Hailing from Provence, ratatouille is a dish to take you back, with memories, to its origin. Go on, make this vegetable ode to France and sunny summers.


Ingredients

Scale
  • Extra virgin olive oil
  • 3 Cloves of garlic, roughly chopped
  • 2 Medium eggplant, diced into 2cm cubes
  • 4 Zucchinis, diced into 2 cm cubes
  • ½ Bunch thyme, washed and leaves picked
  • 1 Red onion, diced
  • 2 Red peppers, diced
  • 1 Punnet, cherry tomatoes
  • 2x 400g tins of whole tomatoes
  • Salt and pepper to taste

Instructions

  1. Preheat oven to 200 degrees.
  2. Heat a generous splash of olive oil in a large fry pan, then add the eggplant, some of the garlic and season with salt and pepper.
  3. Sautee until the eggplant begins to soften, before transferring to heavy based and lidded saucepan that is suitable for the oven.
  4. Add more oil to the pan, then sauté the zucchini with some of the garlic, a sprinkle of the thyme and salt and pepper. Transfer to the saucepan.
  5. Add more oil to the pan, then sauté the onion, capsicum, rest of the garlic and a sprinkle of thyme.
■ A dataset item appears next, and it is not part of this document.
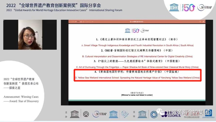 12月13日,在2022“全球世界遗产教育创新案例奖”国际分享会上黄海湿地研究院公司申报的“黄海湿地国际学校:传播黄海湿地自然遗产价值”项目,被评为2022全球世界遗产教育创新案例奖“探索之星奖”。

Transfer to the saucepan.
  6. To the waiting saucepan, add the remaining thyme and both the fresh and tinned tomatoes.
  7. Stir together, place the lid on and transfer to the oven for 1 hour.
  8. When most of the liquid is gone and the vegetables have stewed down but still retain some of their individual shape, the ratatouille is ready (You may wish to cook a little longer). Check seasoning and adjust.
  9. Scatter with a little chopped basil before serving.